Солнце сияло, и когда Макс распорядился остановиться в местечке под названием Оклини, Элин предпочла просто посидеть в машине, рассматривая ели и проносившихся по склону воскресных лыжников. В Оклини далеко не так много отдыхающих, как было в Гермисе вчера, отметила Элин. Впрочем, поскольку в Гермисе Макс, по ее вине, получил травму, она не хотела вспоминать об этом месте.

Тем не менее, какой-то бес, сидевший у нее внутри, дернул ее за язык, и, несмотря на решение не интересоваться злополучной ногой, даже если она отвалится вовсе, Элин спросила:

— Как нога?

— А ты как думаешь? — буркнул он, давая ей прекрасную возможность закончить беседу.

— Долго ты собираешься стоять здесь? — спросила она.

Уж лучше так, чем дать ему пощечину.

— Уже соскучилась? — продолжал он в том же духе.

— Компания неудачная! — фыркнула Элин, и на мгновение ей показалось, что уголки его рта дернулись вверх — как будто его насмешил ее дерзкий ответ.

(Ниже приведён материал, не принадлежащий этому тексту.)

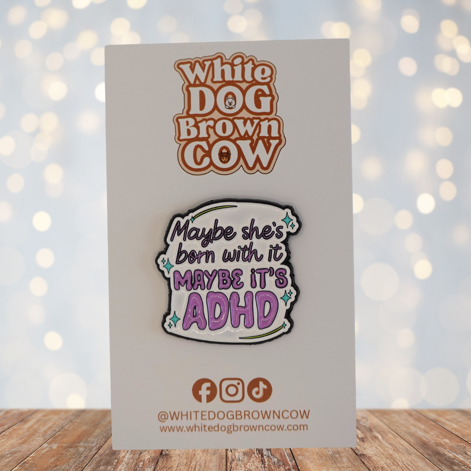 ✨ A cheeky twist on the classic slogan, this pin celebrates the chaos, creativity, and charm that come with a brain that never quite sits still. Equal parts glam and unmedicated energy.

— Можешь ехать обратно в Лаваце, — проговорил он уже без тени улыбки на лице. — Мы попьем кофе там.

Не вымолвив ни слова, Элин завела машину и поехала вниз по той же дороге, всецело поглощенная встречным движением и крутыми поворотами. Но уже десять минут спустя Макс распорядился высадить его у ресторана и припарковать машину.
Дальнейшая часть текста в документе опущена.